### [Aim of the exercise]
Copy all the entries below exactly, but not the pictures.

### [Source material]
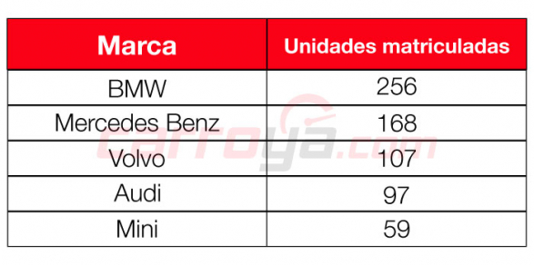 1) BMW: 256 vehículos registrados (11,3 %), 2) Mercedes Benz: 168 vehículos registrados (- 29.1 %), 3) Volvo: 107 vehículos registrados (-5.3 %), 4) Audi: 97 vehículos registrados (-17,8 %), 5) Mini: 59 vehículos registrados (0 %).
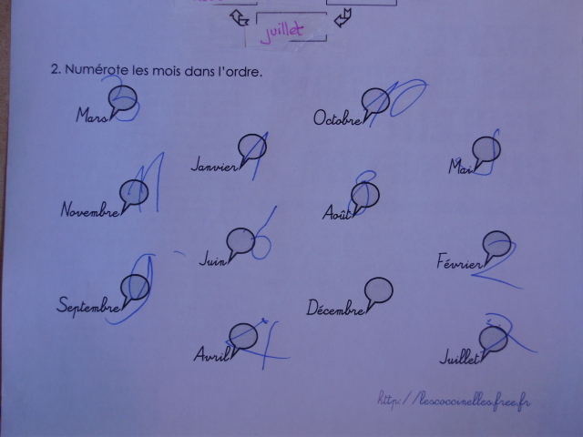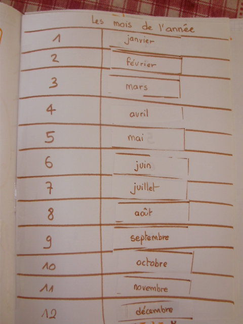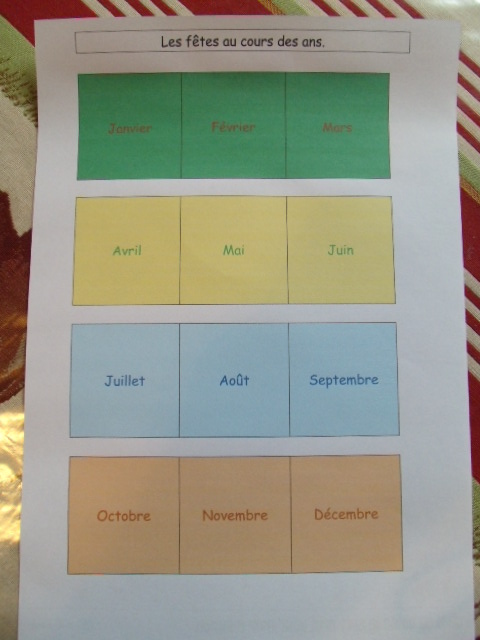 le nom d'un des mois. L'enfant doit coller l'étiquette du nom de chaque
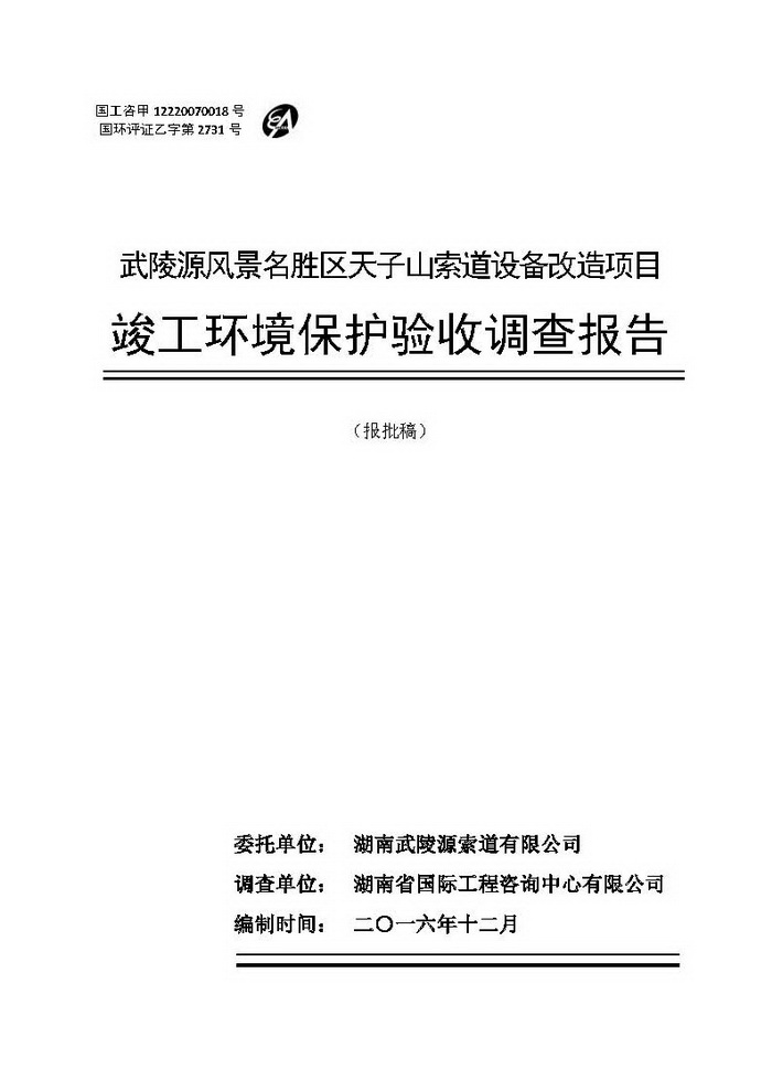 武陵源天子山索道設(shè)備改造駿工環(huán)保驗(yàn)收調(diào)查報(bào)告
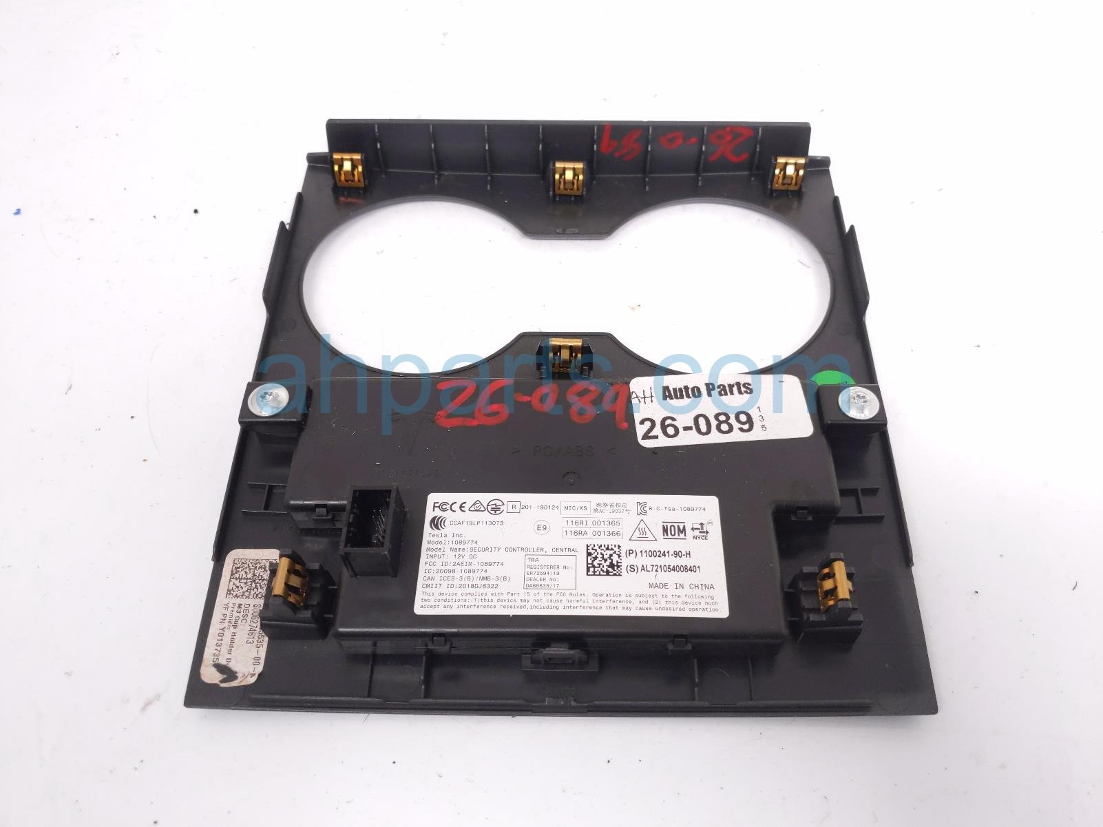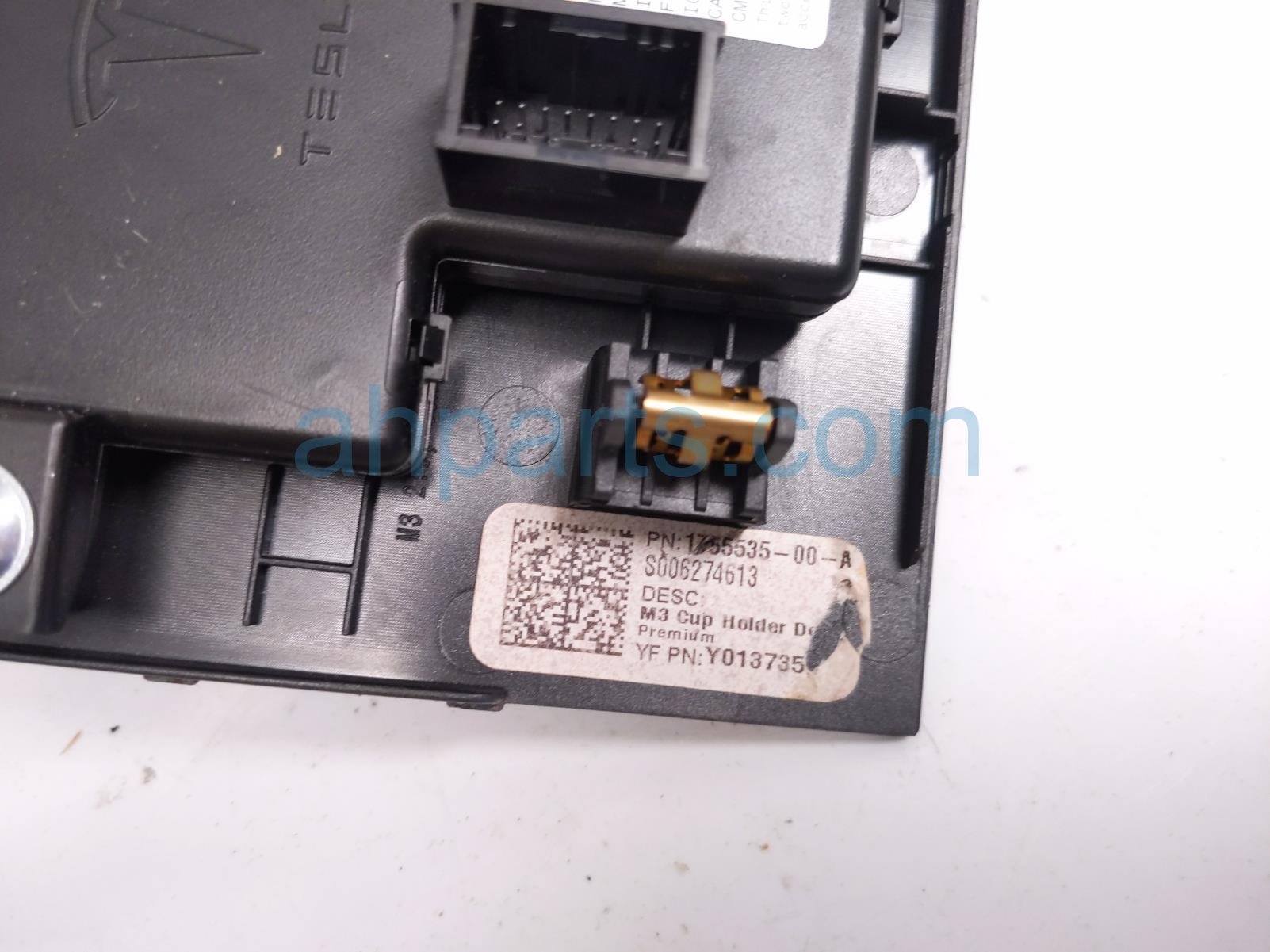 2021 Tesla Model Y center console cup hld assy -blk is a used item with a 1 year warranty. This OEM replacement center console cup hld assy -blk is genuine and has part numbers 1755535-00-A, 175553500A, 1100241-90-H, and 110024190H. This Tesla part is for sale (please call for pricing).
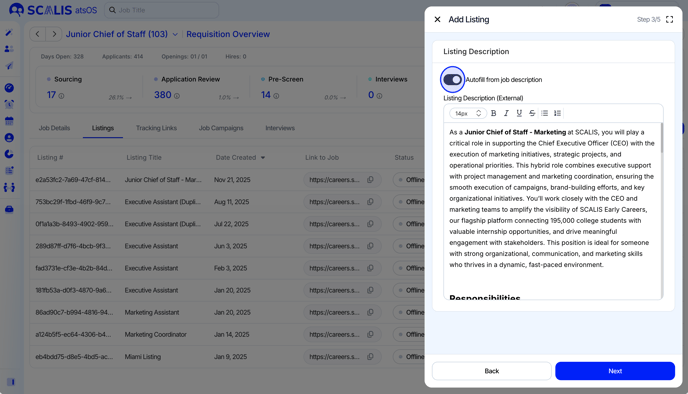 In step 3, you’ll have the option to use your job description to auto-fill the job listing. If you choose to auto-fill, you can review and edit the details before clicking "Next" again.

### [Result]
 1) BMW: 256 vehículos registrados (11,3 %), 2) Mercedes Benz: 168 vehículos registrados (- 29.1 %), 3) Volvo: 107 vehículos registrados (-5.3 %), 4) Audi: 97 vehículos registrados (-17,8 %), 5) Mini: 59 vehículos registrados (0 %).
 le nom d'un des mois. L'enfant doit coller l'étiquette du nom de chaque
 武陵源天子山索道設(shè)備改造駿工環(huán)保驗(yàn)收調(diào)查報(bào)告
 2021 Tesla Model Y center console cup hld assy -blk is a used item with a 1 year warranty. This OEM replacement center console cup hld assy -blk is genuine and has part numbers 1755535-00-A, 175553500A, 1100241-90-H, and 110024190H. This Tesla part is for sale (please call for pricing).
 In step 3, you’ll have the option to use your job description to auto-fill the job listing. If you choose to auto-fill, you can review and edit the details before clicking "Next" again.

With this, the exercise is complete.